Work request - Only the lines below from the one with "Bài 3: Đặt 1-2" through the one with "est ce que tu" are to be written out, exactly and without any images.

======

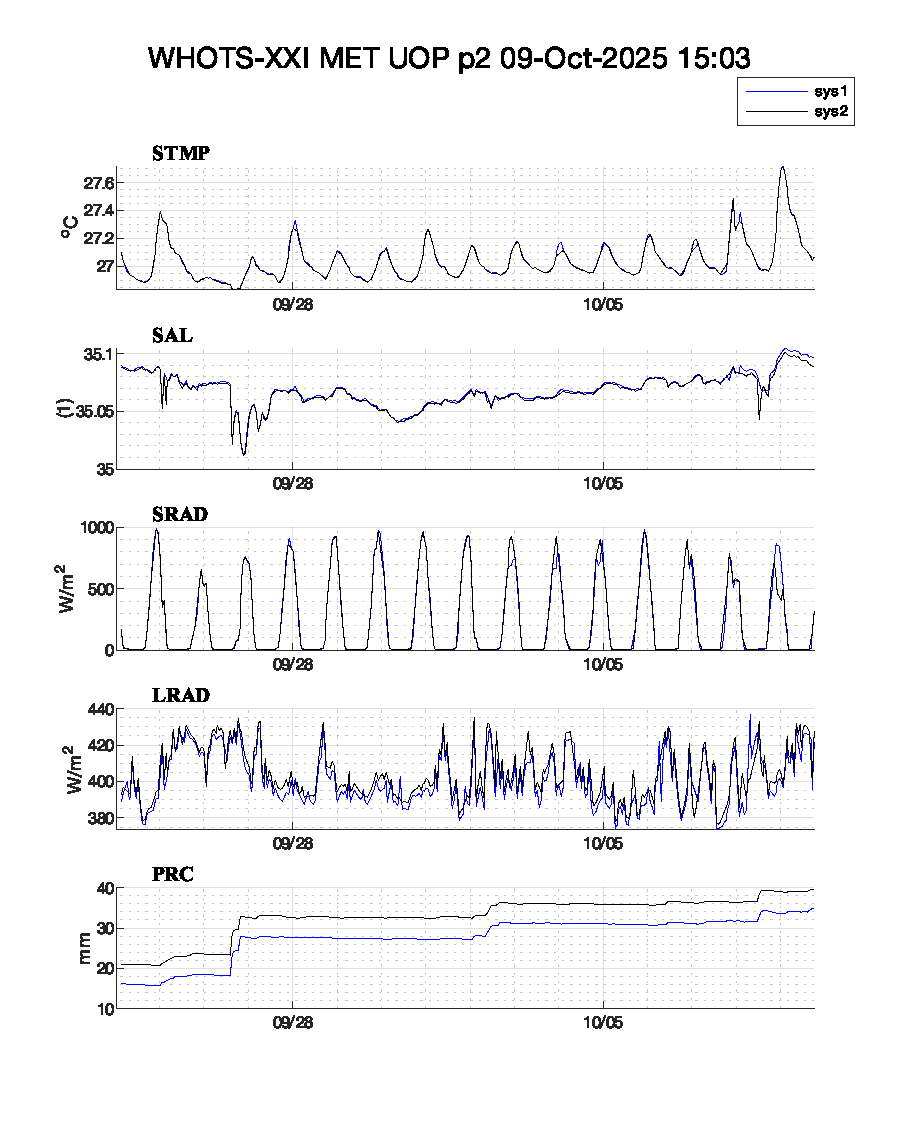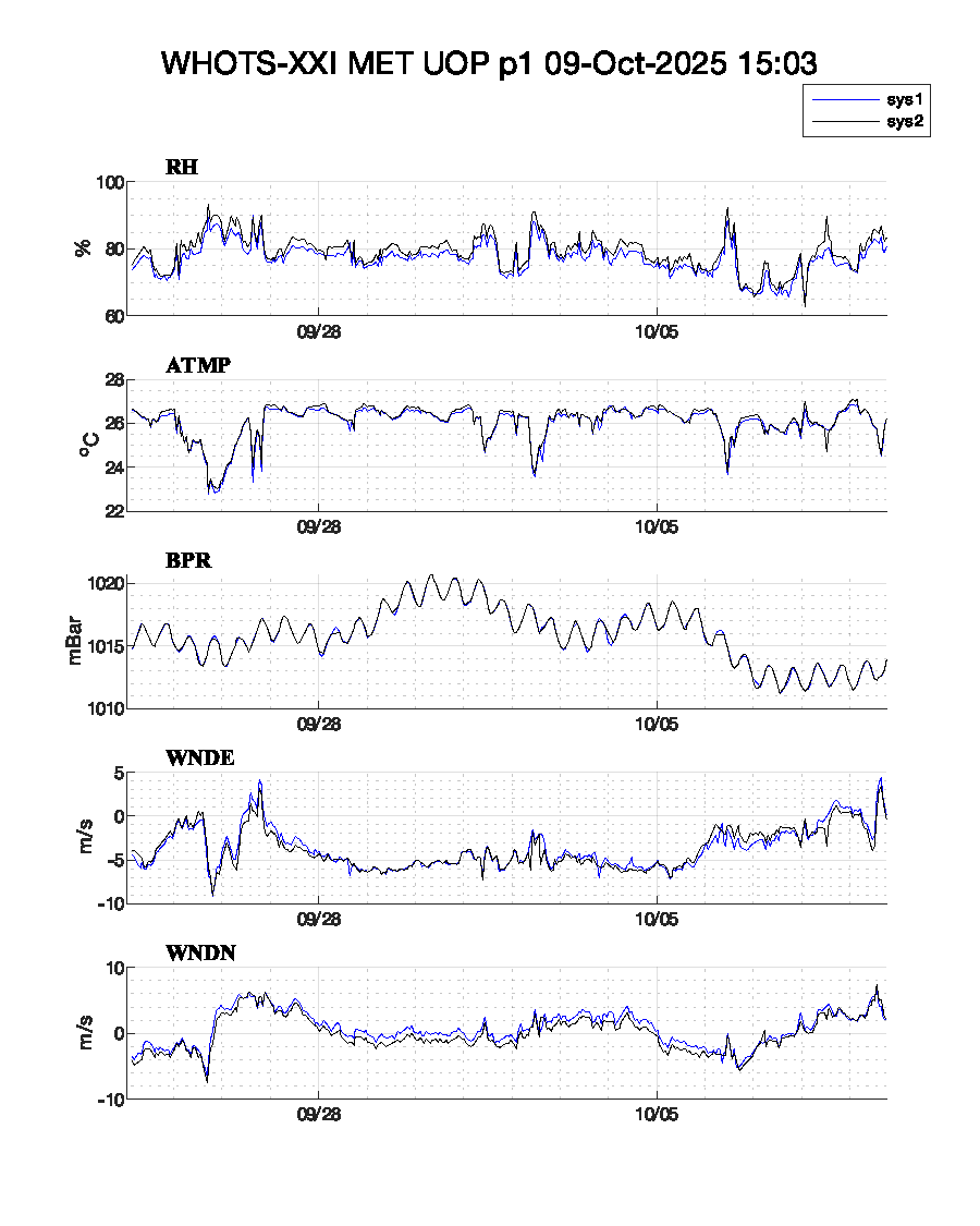WHOTS-21 Deployed: September 24, 2025 at 00:53 UTC Met data text files: Daily transmission: Logger 5 Logger 42 Complete listing: Logger 5 Logger 42 Plots: plot-1 or plot-2 or plot-3 | |
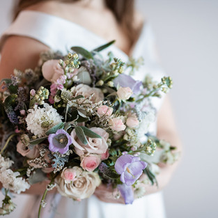 Liebt ihr zarte Pastellfarben? Wir auch, deshalb haben wir uns direkt in das Farbkonzept aus Hellblau, zartem Lila, Rosé und hellem Grün verliebt. Wenn ihr grade mitten in den Vorbereitungen für eure Hochzeit steckt, werdet ihr in diesem Styled Shoot viele Inspirationen finden. So zum Beispiel für den Blumenschmuck. Falls ihr der Meinung seid, für eine romantische Almhochzeit im Winter gibt es keine passenden Blumen, liegt ihr falsch. Das beweist die Floristin von Blume Boutique. Die Tische hat sie mit vielen zarten Einzelblumen ausschließlich in den Pastellfarben Rosé und zartem Lila dekoriert. Diese stecken in Glasflaschen und sind jeweils mittig in einer langen Reihe arrangiert. Das passt wunderbar zu den rustikalen Holztischen und den mit Fellen dekorierten Stühlen. Sehr fein. Die Braut mag es bei ihrem Brautstrauß etwas üppiger. Wobei das Highlight sicherlich ihr Blumenkranz ist, der sie zu einer Mischung aus Elfe und Schneekönigin macht.
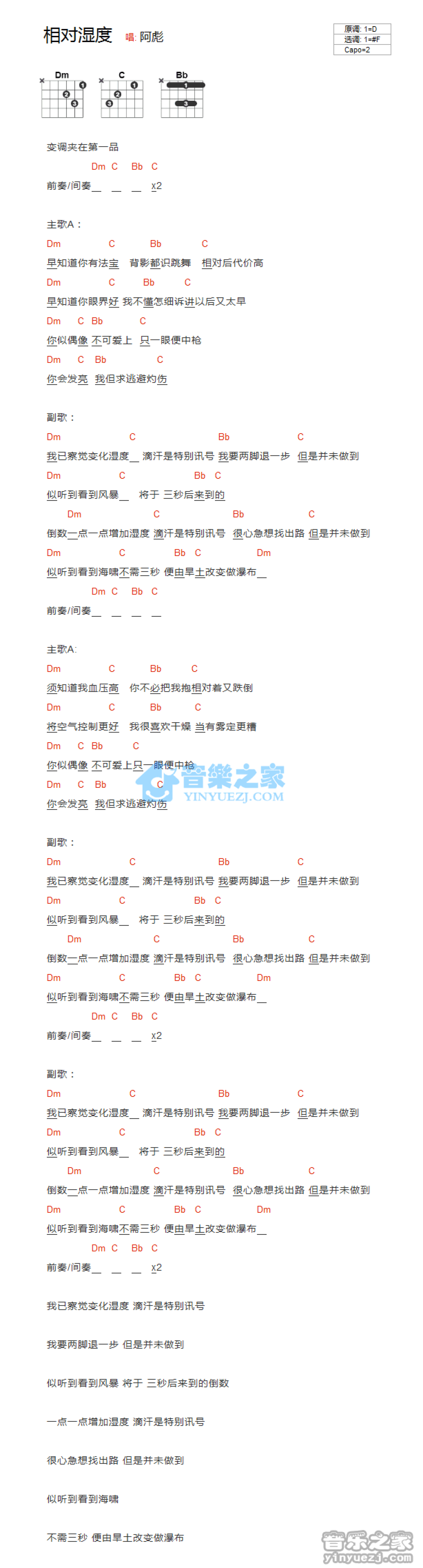 当前位置:琴谱网>吉他弹唱>相对湿度
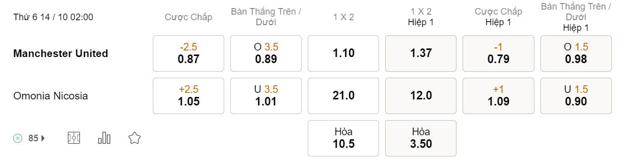 Soi kèo châu Á MU vs Omonia Nicosia: 0.87*2.5*1.05
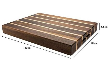 PREMIUM QUALITY- Crafted from high quality wood this extra thick 40x30cm cutting board with a 4.5cm thickness can withstand everyday cutting and chopping without significant wear making it an investment for your kitchen.
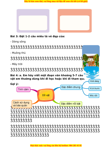 Bài 3: Đặt 1-2 câu miêu tả vẻ đẹp của: - Dòng sông
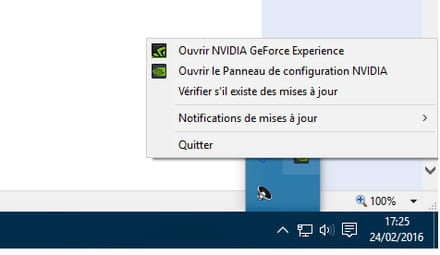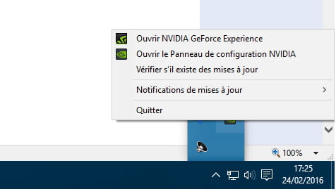 est ce que tu vois ceci en bas à droite de ton écran, si oui, fais un clique droit dessus, puis ouvre le centre GeForce Experience ou son panneau de configuration pour voir !
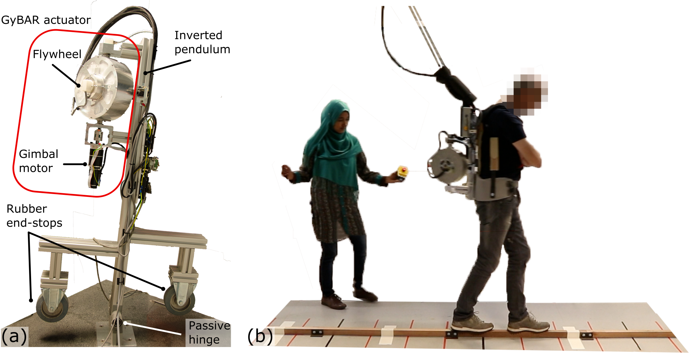 To design an initial proof-of-concept prototype backpack, called the GyBAR, we assumed a person would fall like a passive inverted pendulum to enable us to scale the actuator appropriately and devise a posture-regulating balance controller (Figure 2a). However, this posture-dependence posed a practical problem when transitioning to human subjects: humans are not rigid pendula and do not always maintain the same posture at static equilibrium. This led us to experiment more openly with other simple controllers, including those that would not balance an inverted pendulum. For example, one controller emulated viscous damping that would slow the rate of falling, similar to moving through water, but not restore an upright posture. To our surprise, this was very effective at stabilizing human subjects tasked with standing or walking on narrow beams (Figure 2b). Furthermore, the amount of assistance was far smaller than initially estimated to be necessary.
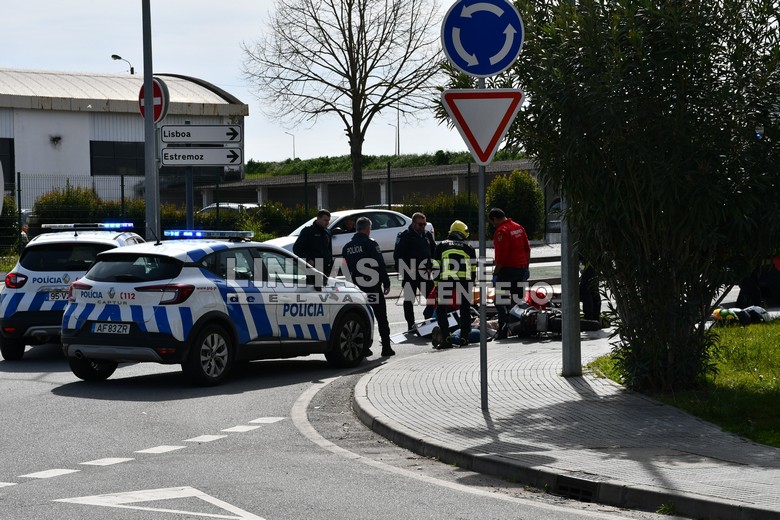 Segundo apurou o “Linhas de Elvas” no local, a vítima, uma senhora que seguia na moto, sofreu ferimentos ligeiros e foi transportada para o Hospital de Santa Luzia, em Elvas.
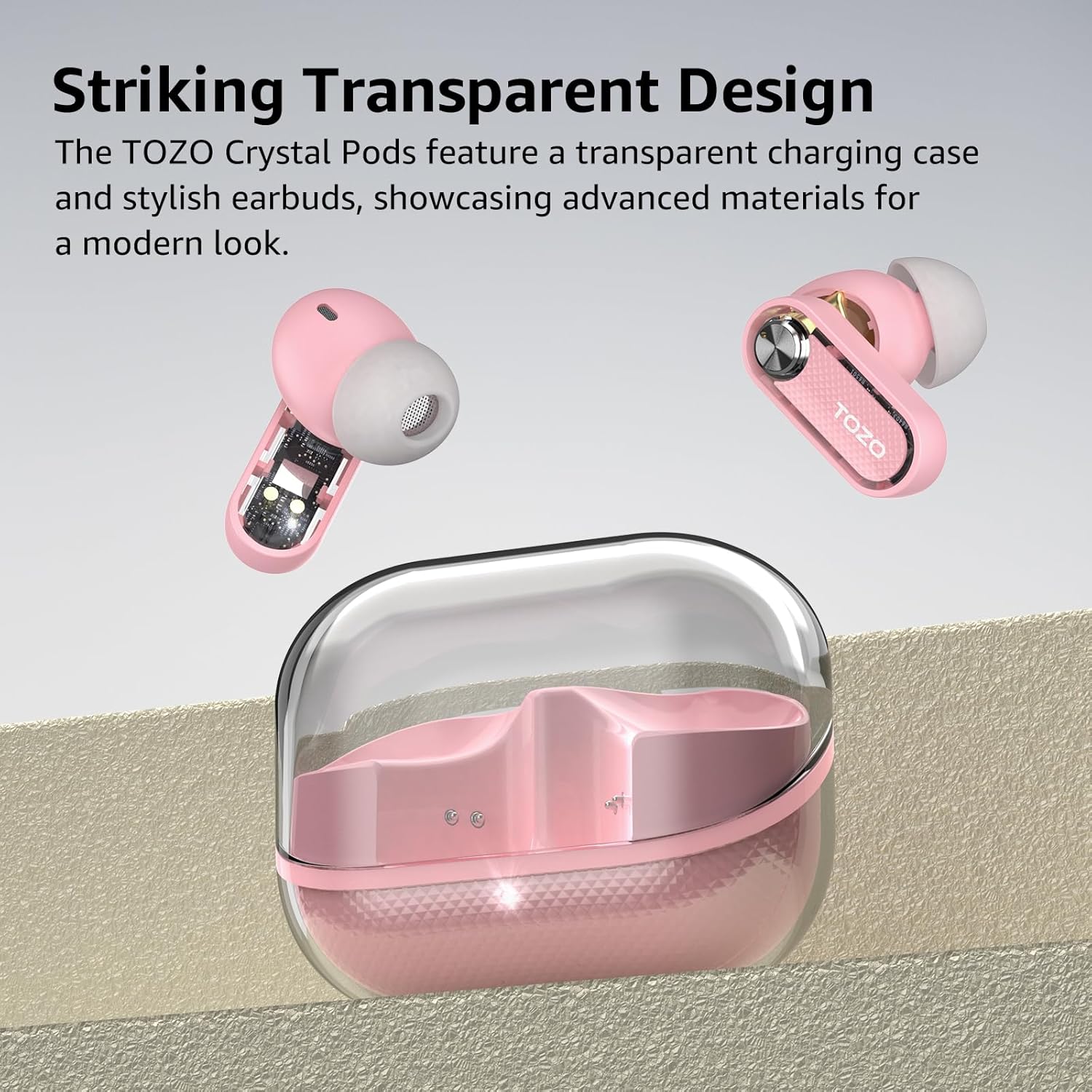 - [Sleek Transparent Design] TOZO Crystal Pods features a stylish transparent charging case and earbuds design, combining modern aesthetics with advanced technology, making this bluetooth earbuds a perfect accessory for on-the-go use.
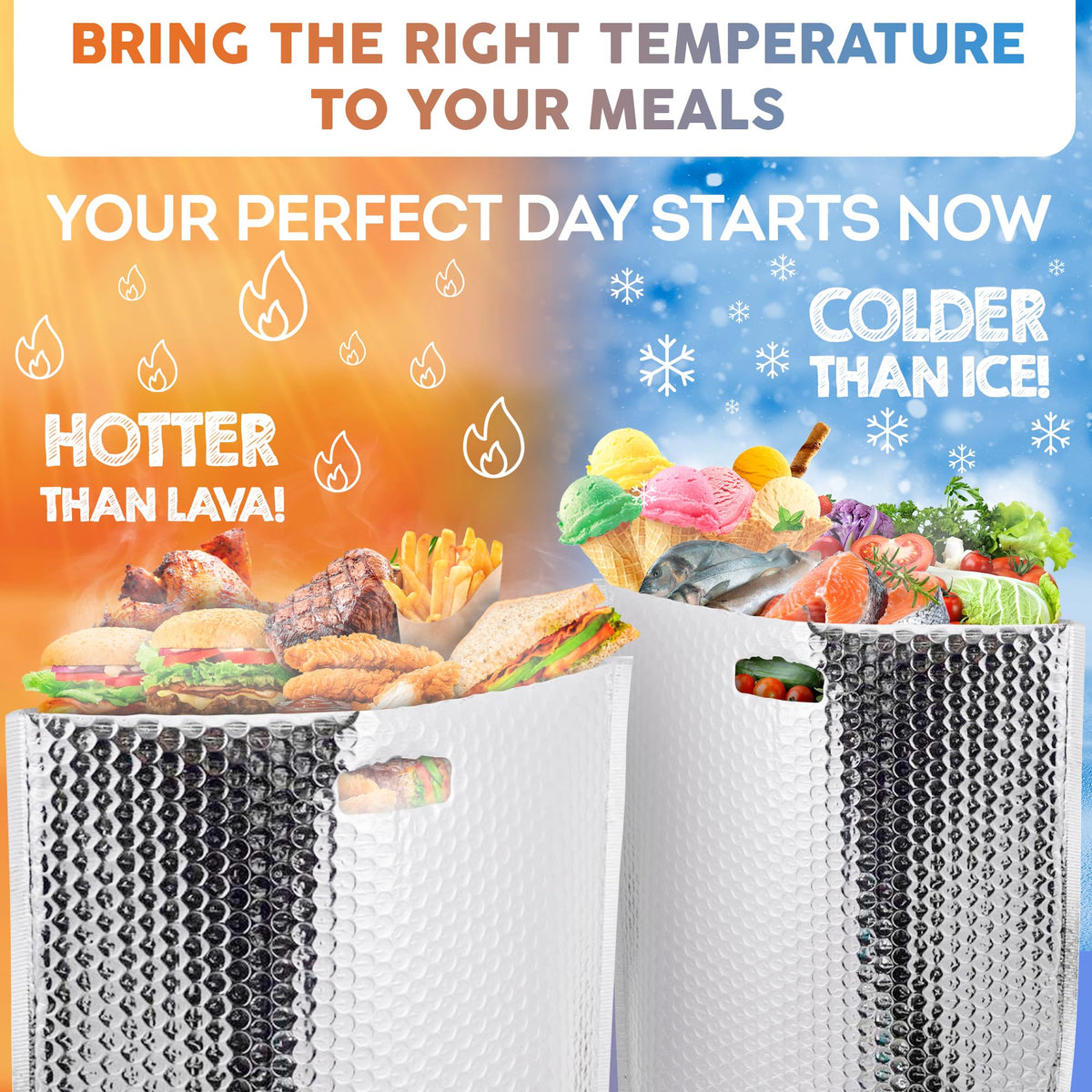 • Q: Can these bags be used for hot items? A: Yes, the insulated bags can be used for both hot and cold items, keeping your food at the right temperature.
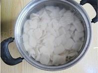 然后将面粉和面片混合均匀备用。这样做,是为了防面片粘在一起

======

Expected answer -
 Bài 3: Đặt 1-2 câu miêu tả vẻ đẹp của: - Dòng sông
 est ce que tu vois ceci en bas à droite de ton écran, si oui, fais un clique droit dessus, puis ouvre le centre GeForce Experience ou son panneau de configuration pour voir !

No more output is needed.